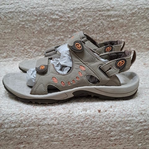 Myydään Merrell Vibram naisten sandaalit koko 38. Käytetty, mutta erinomaisessa kunnossa, tukevat metsäpolulla, hyvä pohja vaellukselle, hiekka/roskaa ei tule varpaiden väliin, näitä ei enää tehdä.
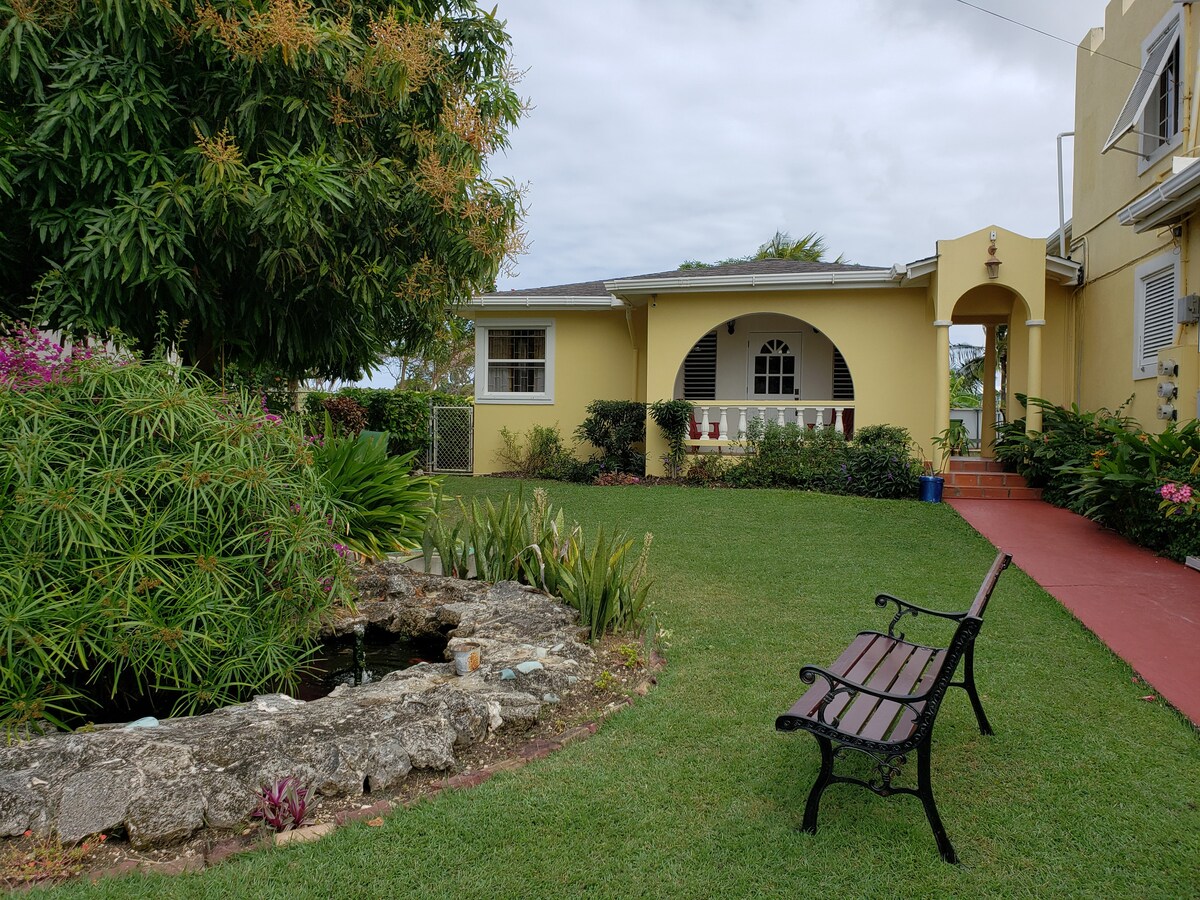 這是我們家後面的一間完全獨立的小屋,位於安靜的死胡同上,步行約一分鐘即可抵達「我們的」( Rockley/Accra )海灘。 有一間配有套房浴室的大臥室和一間較小的第二間臥室。 開放式設備齊全的廚房、用餐區域和客廳。 陽臺、小庭院和草坪。 步行即可輕鬆抵達銀行、醫生和藥店、運動酒吧、海灘酒吧、5家餐廳、便利店和2家超市。
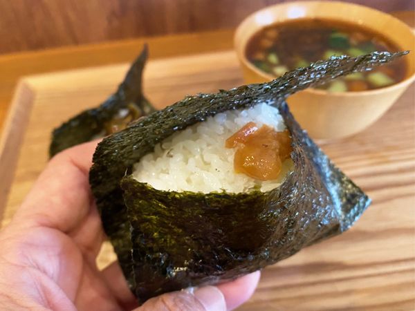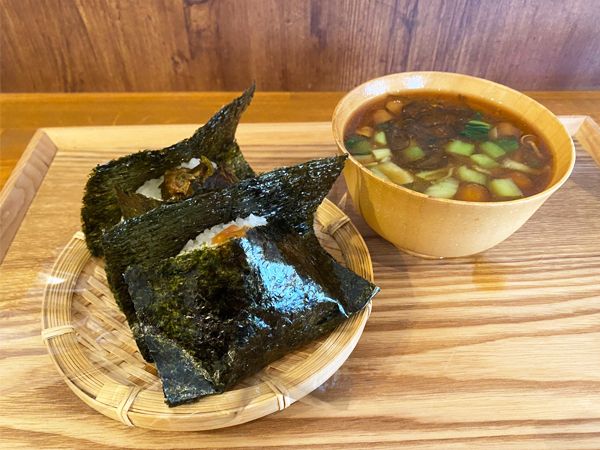 朝食セットは、平日ならランチタイムも対応しているとか。朝に限らず、ランチとしても満足できるおにぎりとみそ汁でした。
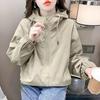 Women's Khaki Short Hiking Windbreaker Jacket Lightweight Cargo-Inspired Sports Top for Spring and Autumn
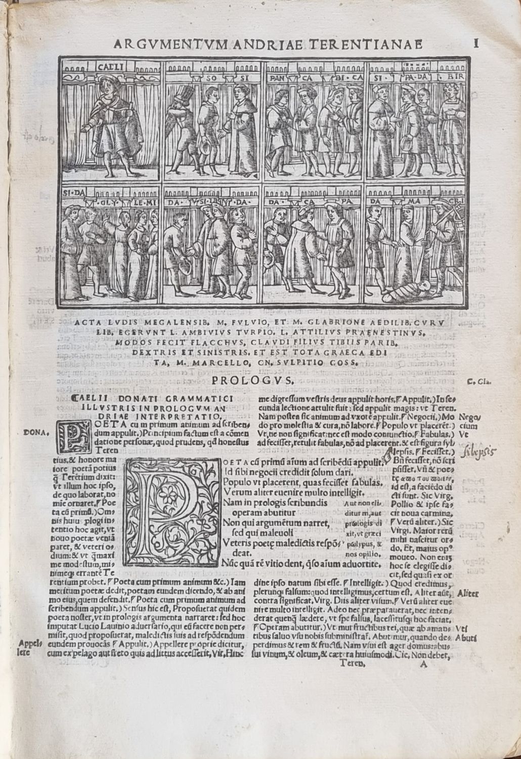 Poznámky a komentáře tištěné ve dvou sloupcích, vlastní text na bílém podkladu uprostřed přes oba sloupce. Titulní list tištěný červeno-černě a zasazený v borduře zdobené rostlinným ornamentem a delfíny po stranách. Konturové iniciály na rostlinném i ilustr. pozadí zalomené do výše 4-11 řádků. Živá záhlaví, římsky paginované listy, tištěné poznámky po stranách, kolofon na rubu posledního listu. V úvodu jednotlivých knih šest dřevořezů (105 x 170 mm) s ilustracemi k Terentiově textu. V úvodu předmluva Erasmova datovaná 1532, za ní index slov, následuje komentář Melanchtonův a životopis Terentia od Aelia Donata, vlastní text je opatřen komentářem Aelia Donata. <br>Dobová pergamenová vazba, zašpiněná, zkrabatělá, na přední desce chybí místy pergamen. pokryv, naražené rohy, při horním i spodním okraji chybí též. Ve hřbetu 3 vazy, hřbet popraskaný. Na přední desce torso perem psaného názvu. Na tit. listu staré vlastnické razítko zčásti setřené - pod biskupskou korunou "Procopius ? NYVTA", při vnějším okraji zčásti rozmazané staré razítko s biskupskou mitrou. Papír místy zahnědlý, oslí uši.<br>Aelius Donatus žil ve 4. století. Římský gramatik a učitel rétoriky, autor několika významných literárně teoretických děl. Jeho komentář k Terentiovi se dochoval celý až na oddíly věnované komedii "Heautontimoroumenos".<br>Publius Terentius Afer (cca 195 př.n. l. Kartágo - 159 př.n.l. v Řecku), římský dramatik a básník. Původně otrok v Římě, kde mu dle jeho původu začali říkat Afer (africký), před svojí smrtí ho Terentius Lucanus, u kterého byl otrokem, propustil na svobodu. Od té doby začal užívat jméno Terentius. Zemřel v Řecku ve třetí punské válce.
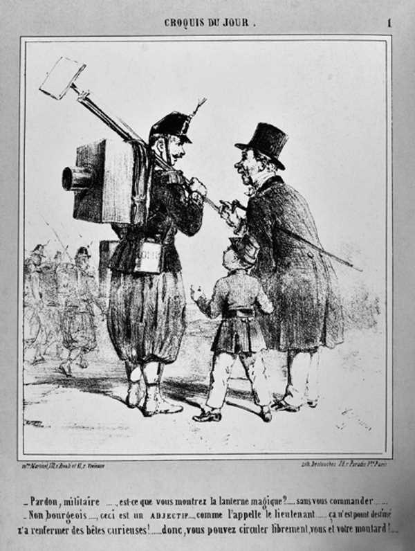 Dalla serie “Croquis du jour”, sulla rivista Charivari del 15 giugno 1861. La satira deride il soldato che si si sente importante perché dotato di una delle prime fotocamere dell’epoca. “Scusi, signor soldato… non per molestarla… ma ci fa vedere la lanterna magica?” “Nient’affatto, cittadino… questo è un aggettivo (gioco di parole con “obiettivo”, l’autore…
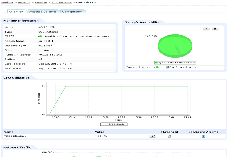 • Monitor availability, health and performance of Amazon EC2, RDS instances and attached EBS volumes. Metrics shown include CPU utilization, storage space, network traffic, network latency, disk reads/writes, etc.
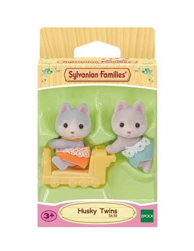 Sada Dvojičky Husky obsahuje figúrky bábätka Amber (sediaci) a Jeremyho (plazí sa) spolu s vozíkom (vláčik). Amber má šedú srsť a Jeremy hnedú. Na vozíku môže jazdiť ktorékoľvek z dvojčiat Husky (sediace alebo plaziace). Postavičky majú otočné hlavy. Skombinujte s Rodinou Husky a sadou Tandemový bicykel pre Husky súrodencov (oboje sa predávajú samostatne) pre zábavu s celou Husky rodinou. Vozík môžete tiež pripojiť k saniam sady Rodina Husky alebo ku kočíkom iných dvojčiat (všetko sa predáva samostatne). Alebo ich skombinujte s ďalšími domami a nábytkom (predávajú sa samostatne) pre ešte zábavnejšie a nápadité hranie! Vek: 3+
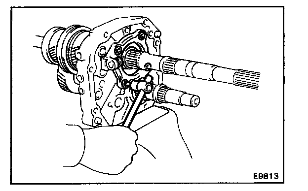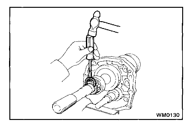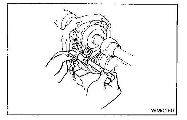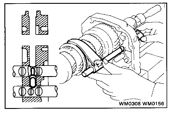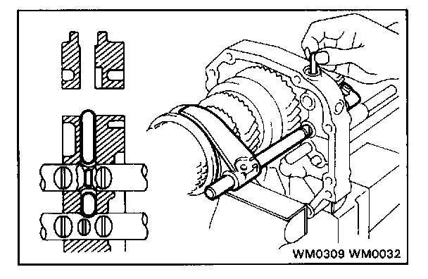 c. Align the each bearing outer race and each shift fork shaft end with the case holes.
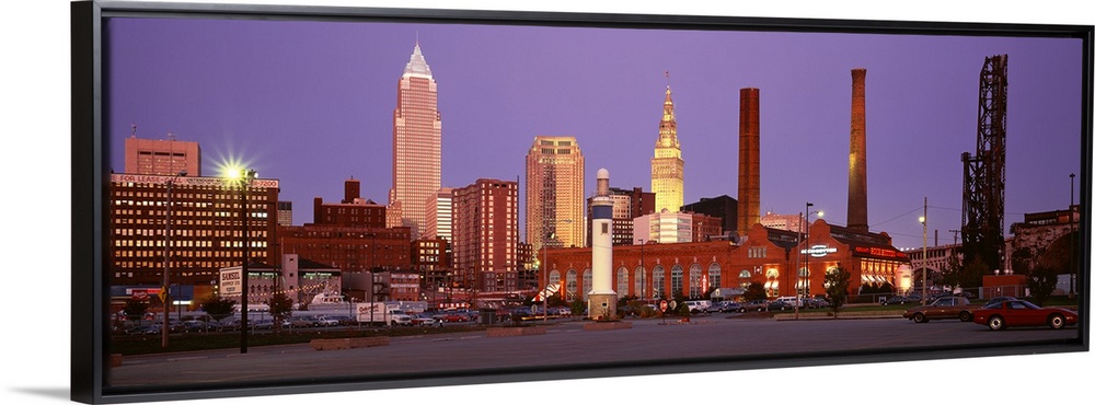 <p>Panoramic photograph of skyscrapers in Cleveland, Ohio, lit up at night.</p>
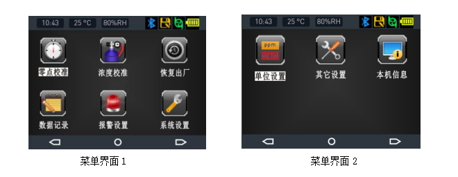 ●2.31英寸高清彩屏顯示實(shí)時(shí)濃度、報(bào)警、時(shí)間、溫度、濕度、存儲(chǔ)、通信、電量、 充電狀態(tài)等信息,菜單界面采用高清仿真圖標(biāo)顯示各個(gè)菜單的功能名稱(chēng)
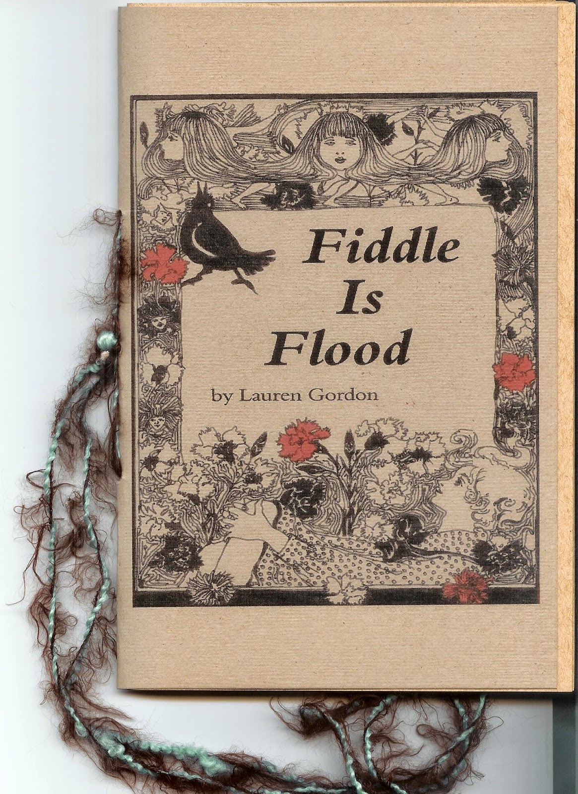The first new Blood Pudding Press contest winning poetry chapbook of 2015, Fiddle is Flood by Lauren Gordon, has arrived!It offers twenty-two unique and powerful poems, inspired by Little House on the Prairie!Semi-abstract and gorgeously emotional, fabulously crafted, with an utterly one-of-a-kind approach, this content is worth multiple reads.It is also charmingly wonderful to hold this hand-designed chapbook in all its cover art glory and yarn binding.The cover art was created by the poet herself. Here are a few sample lines for you, from the poem, "Then I'm A Woman, Full and Fleshed":
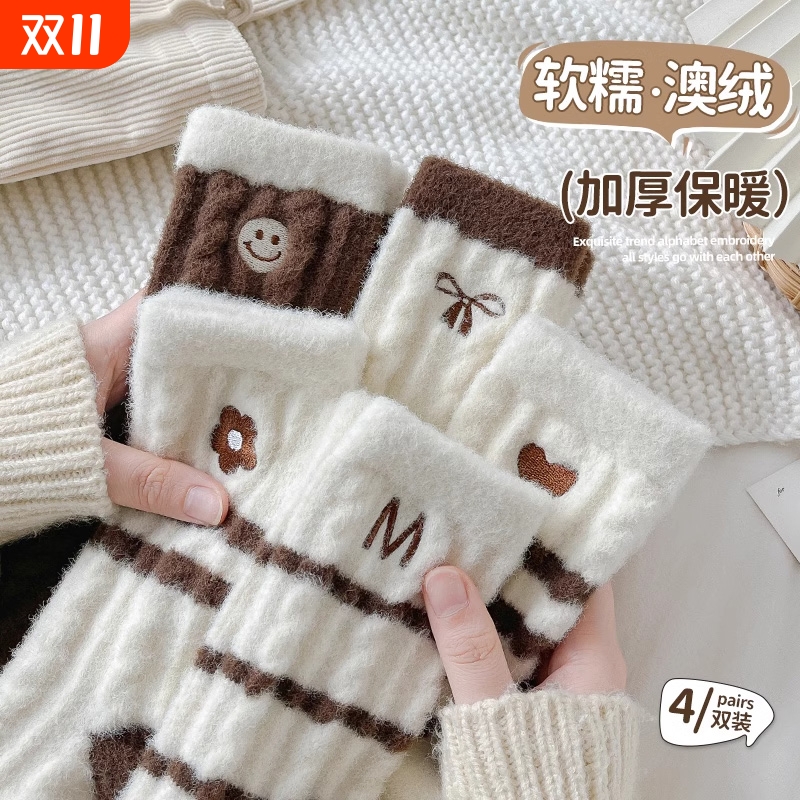可爱袜子女秋冬季澳绒加厚保暖毛绒中筒袜冬天卡通居家月子睡眠袜
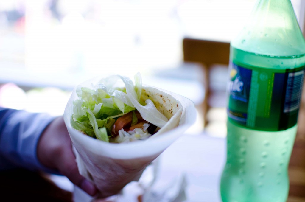 Afterwards, we filled our hungry tummies with treats from the Granville Market. I chose a lamb donair (shown below) and some blueberry bread (my fave!) from Terra Breads.
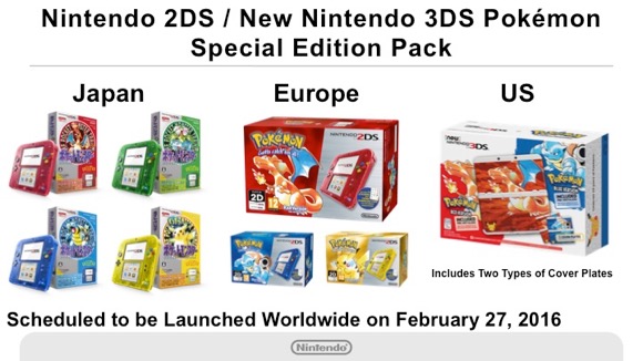 On the same date, three types of special edition Nintendo 2DS systems with Pokémon Red Version/Blue Version/Yellow Version preinstalled will be launched in Europe, and a special edition New Nintendo 3DS system with Pokémon Red Version/Blue Version preinstalled which also comes with two types of cover plates will be launched in the US.
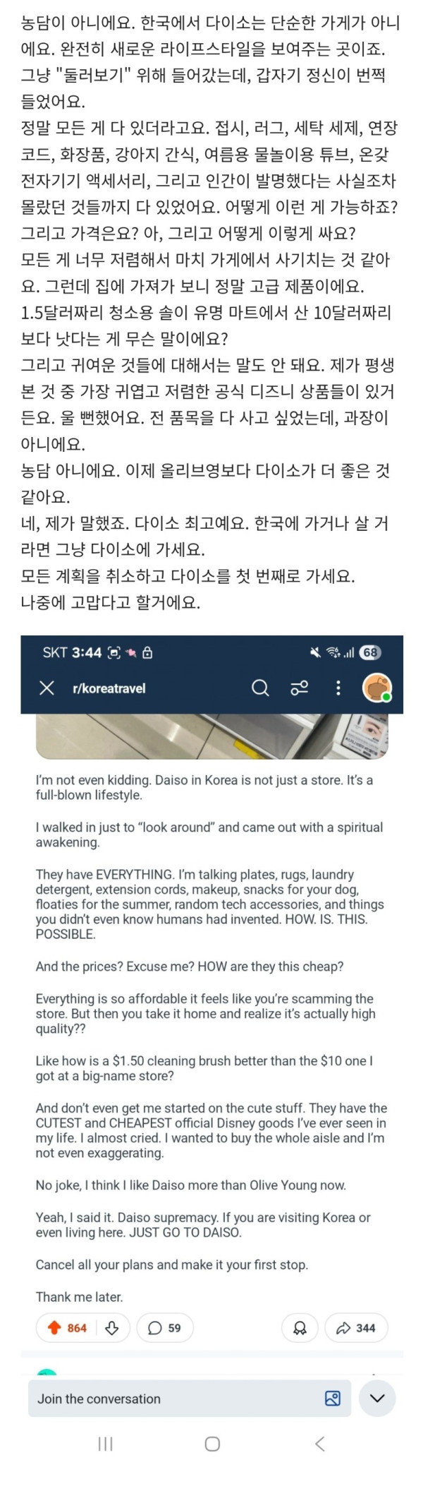 레딧에 외국인 다이소 후기 글
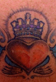 背部彩色有翅膀的爱心纹身图案
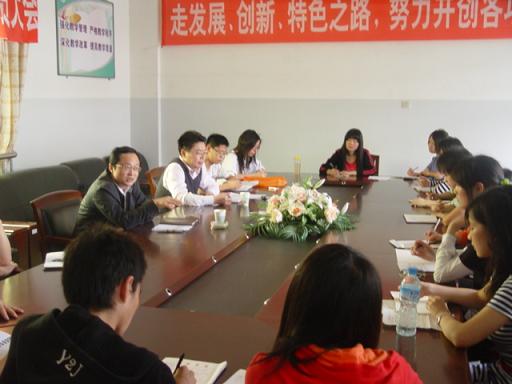 2009年5月5日下午,王为一院长在会议室与我院党校第一期入党积极分子进行座谈。学院党委书记张弢博士、学生事务办公室主任张维功、团委书记王超参加了座谈会。
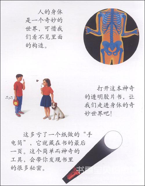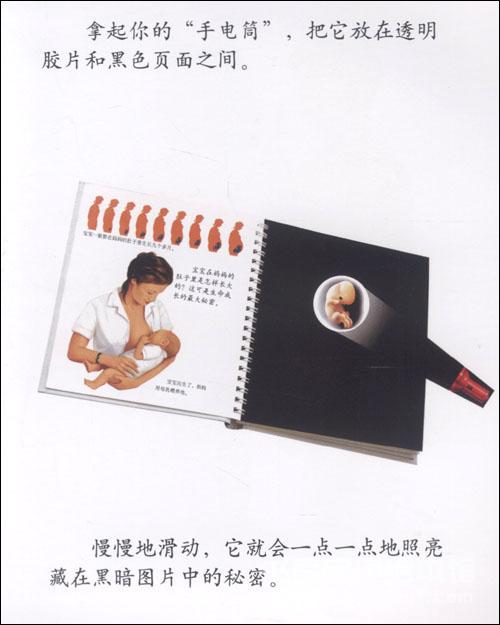 在一把“手电筒”的照射下,看一下我们身体的奇妙世界吧!你可以看到人体的骨架,还可以观察身上的毛发。在妈妈的肚子里生长九个多月后,我们终于来到世界上啦!看,你长得要么有点像爸爸,要么有点像妈妈……
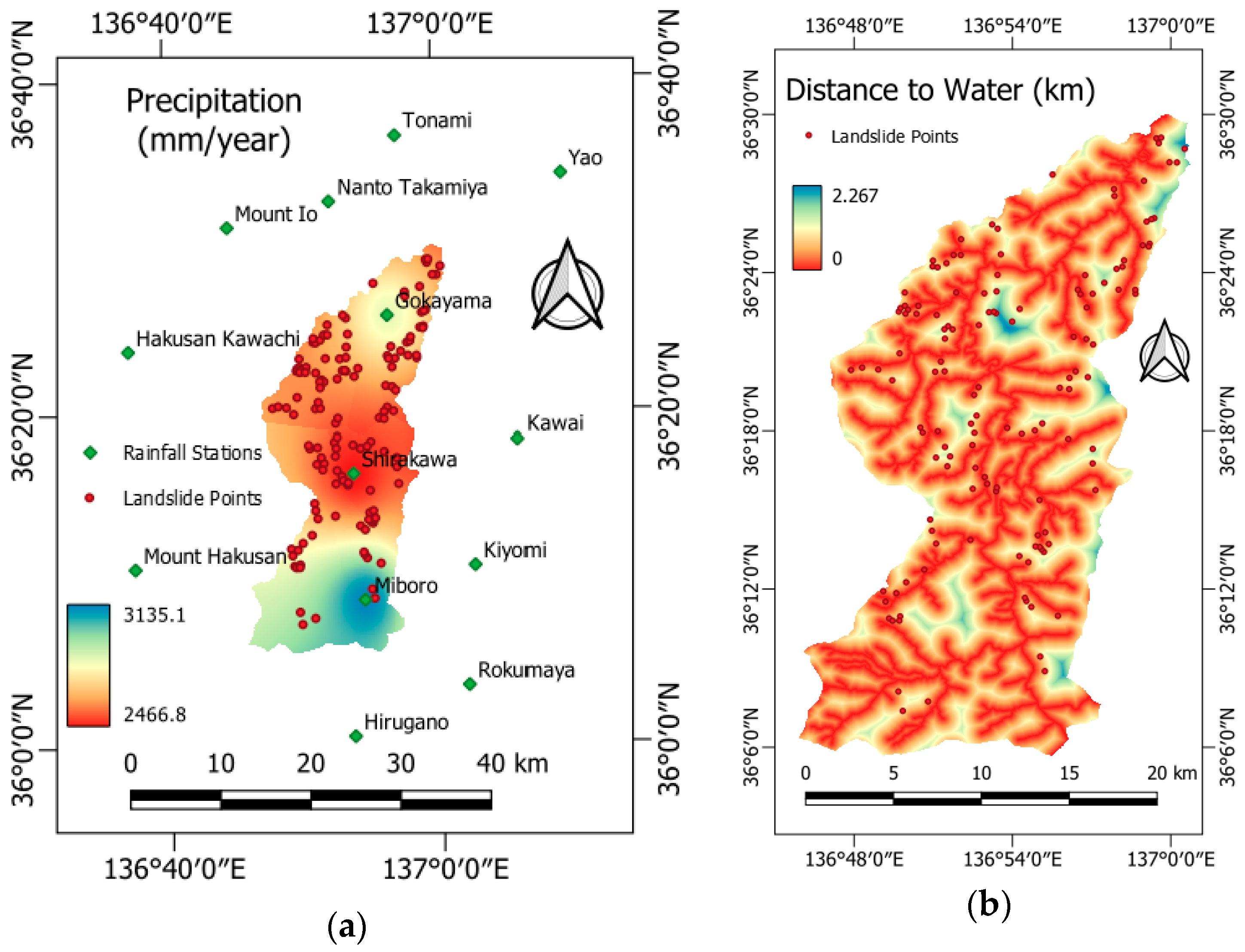 - Distance to Water is another important factor that affects landslide occurrence [19]. Proximity to water bodies tends to lead to increased surface erosion and soil moisture, reduction in soil cohesion, and thereby increased likelihood of slope instability. Water bodies, including rivers, streams, canals, and ditches, were mapped in vector format, and a corresponding 12.5 m resolution distance-to-water raster was derived (Figure 9b).

What to produce: Reproduce the lines above beginning at the line that contains "disk reads/writes, etc." and ending at the line that contains "<p>Panoramic photograph of". No pictures.

Solution to the exercise:
 • Monitor availability, health and performance of Amazon EC2, RDS instances and attached EBS volumes. Metrics shown include CPU utilization, storage space, network traffic, network latency, disk reads/writes, etc.
 Sada Dvojičky Husky obsahuje figúrky bábätka Amber (sediaci) a Jeremyho (plazí sa) spolu s vozíkom (vláčik). Amber má šedú srsť a Jeremy hnedú. Na vozíku môže jazdiť ktorékoľvek z dvojčiat Husky (sediace alebo plaziace). Postavičky majú otočné hlavy. Skombinujte s Rodinou Husky a sadou Tandemový bicykel pre Husky súrodencov (oboje sa predávajú samostatne) pre zábavu s celou Husky rodinou. Vozík môžete tiež pripojiť k saniam sady Rodina Husky alebo ku kočíkom iných dvojčiat (všetko sa predáva samostatne). Alebo ich skombinujte s ďalšími domami a nábytkom (predávajú sa samostatne) pre ešte zábavnejšie a nápadité hranie! Vek: 3+
 c. Align the each bearing outer race and each shift fork shaft end with the case holes.
 <p>Panoramic photograph of skyscrapers in Cleveland, Ohio, lit up at night.</p>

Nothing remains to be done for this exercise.